• **Provided material**:
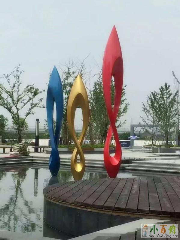 室外不锈钢烤漆八字型雕塑 艺术水景工厂地址
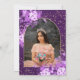 Featuring pretty floral and botanical bouquet with rose gold glitter confetti and a modern glitter arch shape, with an elegant script typography Quinceañera birthday with hand painted princess gown purple lavender watercolor with glitter. Add your photo at the back. perfect Mis Quince birthday party with a rose gold princess tiara crown.
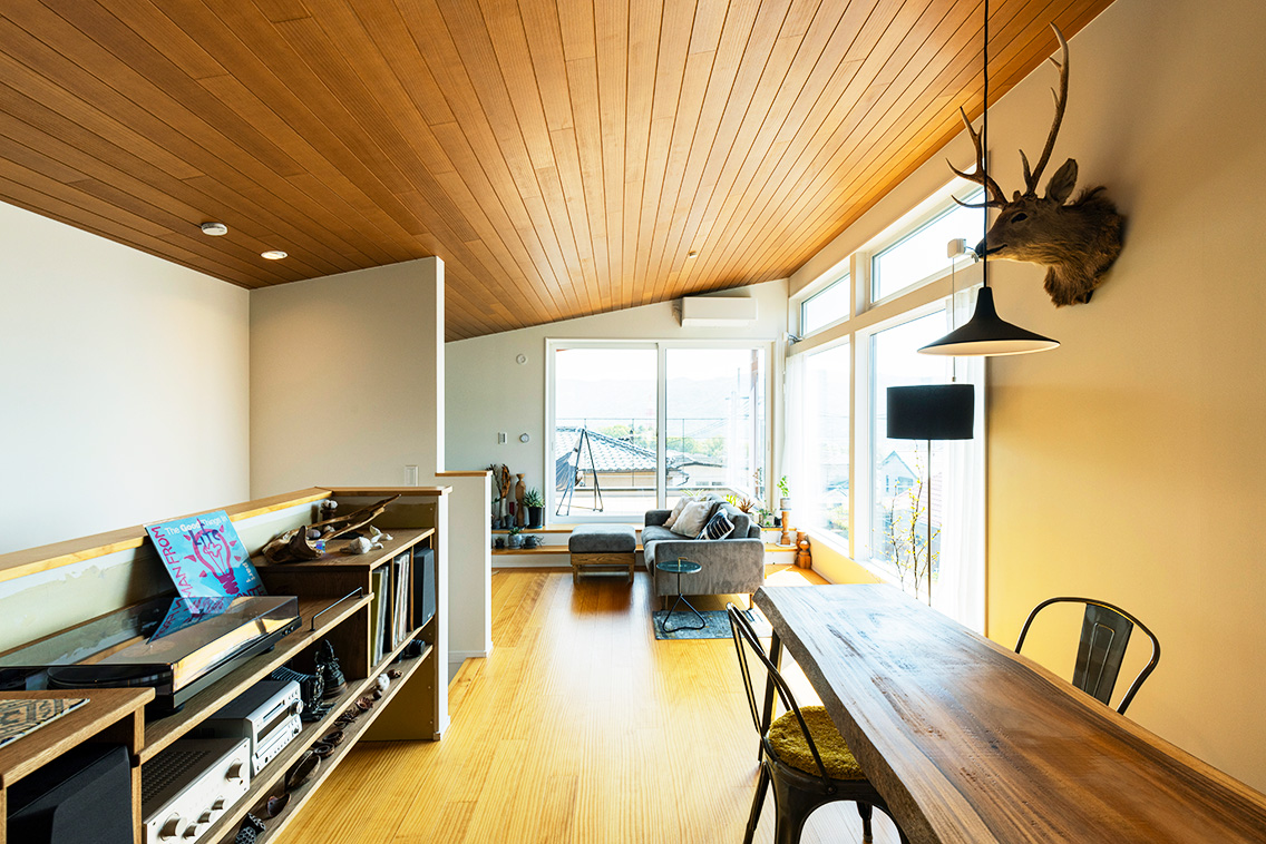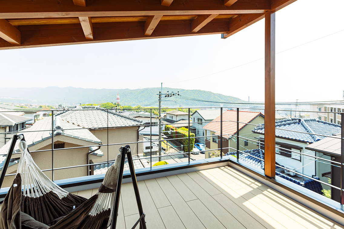 2階リビングからつながるテラスに大きな吹き出し窓があり、眺望が一望でき、採光を十分にとりこめることで明るい住空間を実現。

• **Prompt**: Your copy should hold each line above exactly and no pictures at all.

• **Answer space**:
 室外不锈钢烤漆八字型雕塑 艺术水景工厂地址
 Featuring pretty floral and botanical bouquet with rose gold glitter confetti and a modern glitter arch shape, with an elegant script typography Quinceañera birthday with hand painted princess gown purple lavender watercolor with glitter. Add your photo at the back. perfect Mis Quince birthday party with a rose gold princess tiara crown.
 2階リビングからつながるテラスに大きな吹き出し窓があり、眺望が一望でき、採光を十分にとりこめることで明るい住空間を実現。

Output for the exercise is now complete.